**TASK INSTRUCTIONS:** In the records below, locate the line containing "Make a glamorous"; output that line and every following line through the last, exactly.

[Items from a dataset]
"""

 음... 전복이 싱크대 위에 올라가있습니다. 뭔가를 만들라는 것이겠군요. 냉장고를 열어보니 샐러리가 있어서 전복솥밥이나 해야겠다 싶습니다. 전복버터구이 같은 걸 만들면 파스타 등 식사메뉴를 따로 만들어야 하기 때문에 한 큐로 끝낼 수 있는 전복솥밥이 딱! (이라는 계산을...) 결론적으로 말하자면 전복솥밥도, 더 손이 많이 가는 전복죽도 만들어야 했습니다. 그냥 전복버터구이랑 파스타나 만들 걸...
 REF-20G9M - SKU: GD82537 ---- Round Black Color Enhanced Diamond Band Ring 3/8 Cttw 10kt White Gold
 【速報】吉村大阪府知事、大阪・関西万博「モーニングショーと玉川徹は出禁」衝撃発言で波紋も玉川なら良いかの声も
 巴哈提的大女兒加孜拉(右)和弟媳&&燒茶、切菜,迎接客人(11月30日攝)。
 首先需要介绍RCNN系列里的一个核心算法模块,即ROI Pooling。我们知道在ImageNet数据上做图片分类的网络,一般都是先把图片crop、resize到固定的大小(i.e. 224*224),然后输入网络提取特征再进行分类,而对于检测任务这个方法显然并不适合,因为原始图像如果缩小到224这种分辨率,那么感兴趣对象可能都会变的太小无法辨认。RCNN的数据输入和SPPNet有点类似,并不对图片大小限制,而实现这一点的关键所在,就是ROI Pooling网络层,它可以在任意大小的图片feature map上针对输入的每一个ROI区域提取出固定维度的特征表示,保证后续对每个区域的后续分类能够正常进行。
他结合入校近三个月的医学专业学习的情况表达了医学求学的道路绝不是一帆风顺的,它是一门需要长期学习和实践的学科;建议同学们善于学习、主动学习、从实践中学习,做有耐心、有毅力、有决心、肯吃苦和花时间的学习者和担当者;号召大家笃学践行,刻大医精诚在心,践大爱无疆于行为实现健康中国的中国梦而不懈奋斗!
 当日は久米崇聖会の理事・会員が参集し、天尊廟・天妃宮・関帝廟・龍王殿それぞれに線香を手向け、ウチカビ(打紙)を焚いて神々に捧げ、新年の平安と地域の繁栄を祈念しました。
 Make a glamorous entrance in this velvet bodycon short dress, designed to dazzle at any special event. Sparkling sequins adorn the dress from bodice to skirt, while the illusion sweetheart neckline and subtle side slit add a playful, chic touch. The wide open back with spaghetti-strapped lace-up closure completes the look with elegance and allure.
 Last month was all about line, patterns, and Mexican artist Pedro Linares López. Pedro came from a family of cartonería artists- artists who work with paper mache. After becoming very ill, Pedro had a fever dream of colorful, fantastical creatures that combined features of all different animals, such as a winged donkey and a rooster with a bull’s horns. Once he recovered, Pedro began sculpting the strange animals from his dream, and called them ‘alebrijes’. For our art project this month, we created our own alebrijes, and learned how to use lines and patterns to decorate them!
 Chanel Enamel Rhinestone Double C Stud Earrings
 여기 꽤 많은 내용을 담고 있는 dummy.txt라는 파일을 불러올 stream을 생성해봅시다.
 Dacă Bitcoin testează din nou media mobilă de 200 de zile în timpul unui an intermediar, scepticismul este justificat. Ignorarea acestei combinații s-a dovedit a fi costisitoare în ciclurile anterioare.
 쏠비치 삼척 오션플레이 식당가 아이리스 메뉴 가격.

"""

**ANSWER TO THE EXERCISE:**
 Make a glamorous entrance in this velvet bodycon short dress, designed to dazzle at any special event. Sparkling sequins adorn the dress from bodice to skirt, while the illusion sweetheart neckline and subtle side slit add a playful, chic touch. The wide open back with spaghetti-strapped lace-up closure completes the look with elegance and allure.
 Last month was all about line, patterns, and Mexican artist Pedro Linares López. Pedro came from a family of cartonería artists- artists who work with paper mache. After becoming very ill, Pedro had a fever dream of colorful, fantastical creatures that combined features of all different animals, such as a winged donkey and a rooster with a bull’s horns. Once he recovered, Pedro began sculpting the strange animals from his dream, and called them ‘alebrijes’. For our art project this month, we created our own alebrijes, and learned how to use lines and patterns to decorate them!
 Chanel Enamel Rhinestone Double C Stud Earrings
 여기 꽤 많은 내용을 담고 있는 dummy.txt라는 파일을 불러올 stream을 생성해봅시다.
 Dacă Bitcoin testează din nou media mobilă de 200 de zile în timpul unui an intermediar, scepticismul este justificat. Ignorarea acestei combinații s-a dovedit a fi costisitoare în ciclurile anterioare.
 쏠비치 삼척 오션플레이 식당가 아이리스 메뉴 가격.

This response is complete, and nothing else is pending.